Entries provided -

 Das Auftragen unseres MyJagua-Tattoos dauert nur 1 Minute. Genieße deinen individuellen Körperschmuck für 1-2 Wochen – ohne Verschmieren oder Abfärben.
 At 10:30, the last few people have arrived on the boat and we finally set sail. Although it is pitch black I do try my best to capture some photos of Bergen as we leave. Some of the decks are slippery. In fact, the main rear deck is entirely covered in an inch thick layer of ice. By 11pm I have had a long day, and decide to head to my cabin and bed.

...

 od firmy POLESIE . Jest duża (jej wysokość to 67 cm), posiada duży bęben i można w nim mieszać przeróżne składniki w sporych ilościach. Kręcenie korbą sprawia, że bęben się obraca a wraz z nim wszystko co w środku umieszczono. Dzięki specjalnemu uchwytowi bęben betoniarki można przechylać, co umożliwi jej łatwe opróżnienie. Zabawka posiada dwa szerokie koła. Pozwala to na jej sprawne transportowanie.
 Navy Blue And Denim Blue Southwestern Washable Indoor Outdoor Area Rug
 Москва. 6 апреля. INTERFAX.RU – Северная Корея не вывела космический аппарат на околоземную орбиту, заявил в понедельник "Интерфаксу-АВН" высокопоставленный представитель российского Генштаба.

Task -
Everything from the line containing "Navy Blue And" through the line containing "Москва. 6 апреля." in the material above should be retyped exactly, both ends included, and nothing more.

Solution to the exercise -
 Navy Blue And Denim Blue Southwestern Washable Indoor Outdoor Area Rug
 Москва. 6 апреля. INTERFAX.RU – Северная Корея не вывела космический аппарат на околоземную орбиту, заявил в понедельник "Интерфаксу-АВН" высокопоставленный представитель российского Генштаба.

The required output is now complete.